Exercise brief:
From the line with "南海北部、中部、巴士海峡有2.2到2.7米的中浪到大浪区;" to the line with "삼성전자는 올해 처음으로", output every line below exactly, both ends included. Skip the pictures.

Working data:
* * * * *

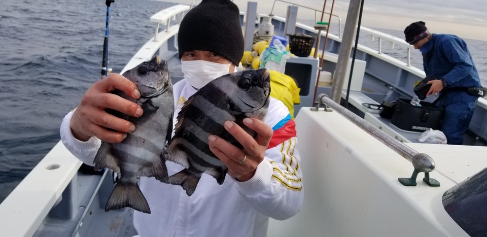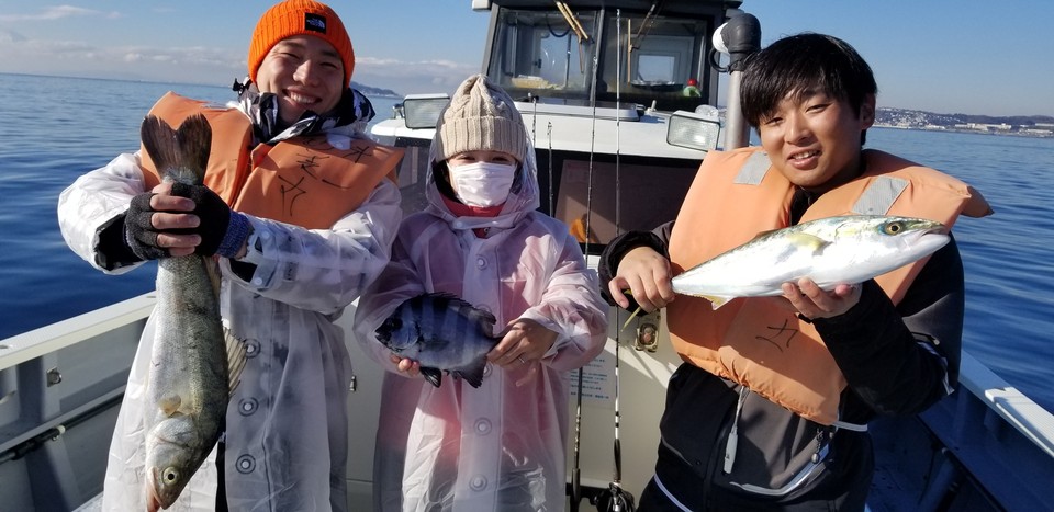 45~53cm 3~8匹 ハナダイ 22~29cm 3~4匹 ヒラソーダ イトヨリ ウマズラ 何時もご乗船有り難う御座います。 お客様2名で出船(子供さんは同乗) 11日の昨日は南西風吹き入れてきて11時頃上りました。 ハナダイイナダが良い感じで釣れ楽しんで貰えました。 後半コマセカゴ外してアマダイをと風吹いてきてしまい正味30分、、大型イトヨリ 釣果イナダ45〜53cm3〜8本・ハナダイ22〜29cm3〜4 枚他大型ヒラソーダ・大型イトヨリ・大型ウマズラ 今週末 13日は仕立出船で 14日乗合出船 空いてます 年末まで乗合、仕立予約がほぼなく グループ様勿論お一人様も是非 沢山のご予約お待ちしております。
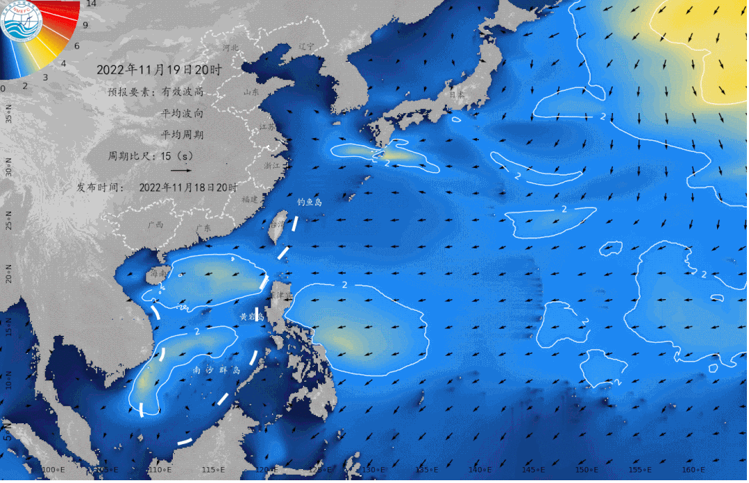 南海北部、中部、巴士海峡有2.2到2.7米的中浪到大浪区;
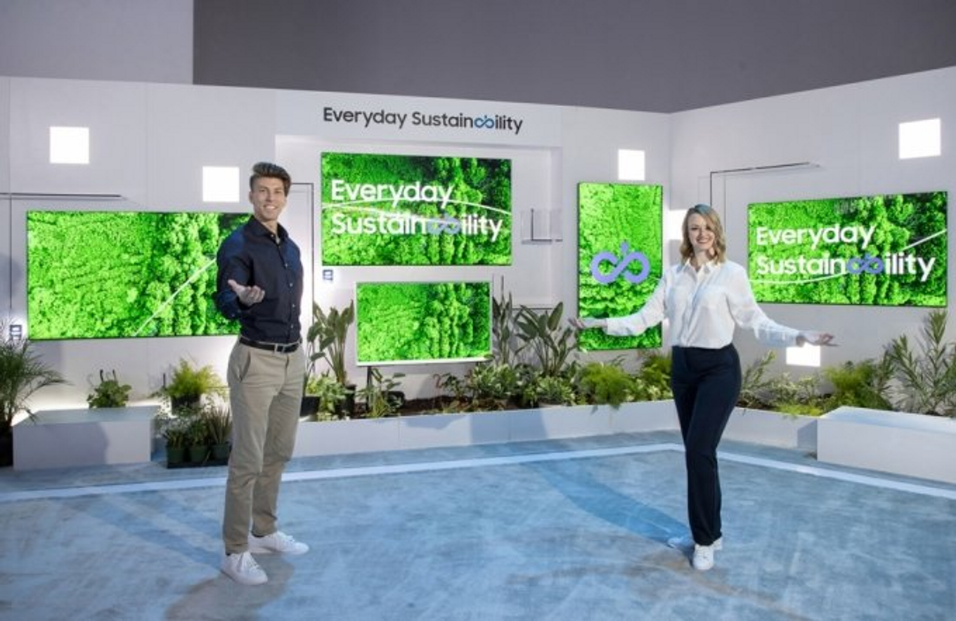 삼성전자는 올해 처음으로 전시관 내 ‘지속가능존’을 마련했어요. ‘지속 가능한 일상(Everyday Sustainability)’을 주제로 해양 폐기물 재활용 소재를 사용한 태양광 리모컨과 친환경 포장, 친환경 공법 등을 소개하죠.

* * * * *

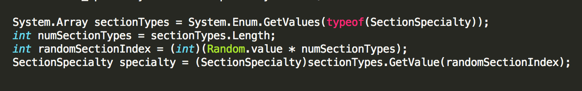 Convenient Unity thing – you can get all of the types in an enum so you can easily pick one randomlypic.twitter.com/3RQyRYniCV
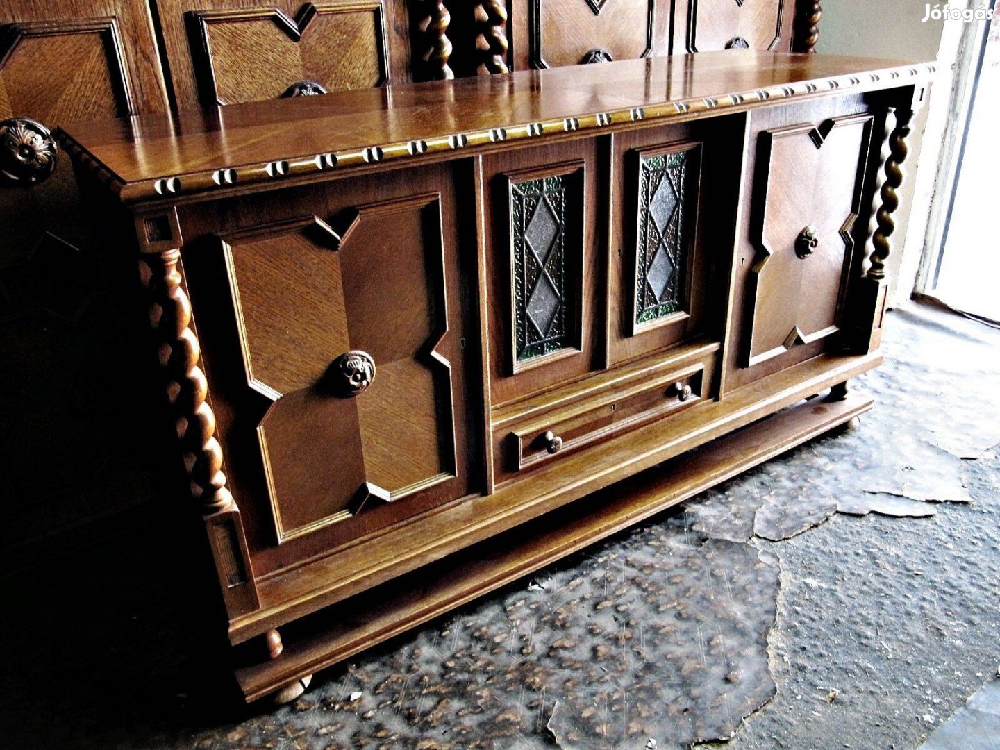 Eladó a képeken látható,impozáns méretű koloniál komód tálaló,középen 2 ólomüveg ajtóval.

* * * * *

Your response:
 南海北部、中部、巴士海峡有2.2到2.7米的中浪到大浪区;
 삼성전자는 올해 처음으로 전시관 내 ‘지속가능존’을 마련했어요. ‘지속 가능한 일상(Everyday Sustainability)’을 주제로 해양 폐기물 재활용 소재를 사용한 태양광 리모컨과 친환경 포장, 친환경 공법 등을 소개하죠.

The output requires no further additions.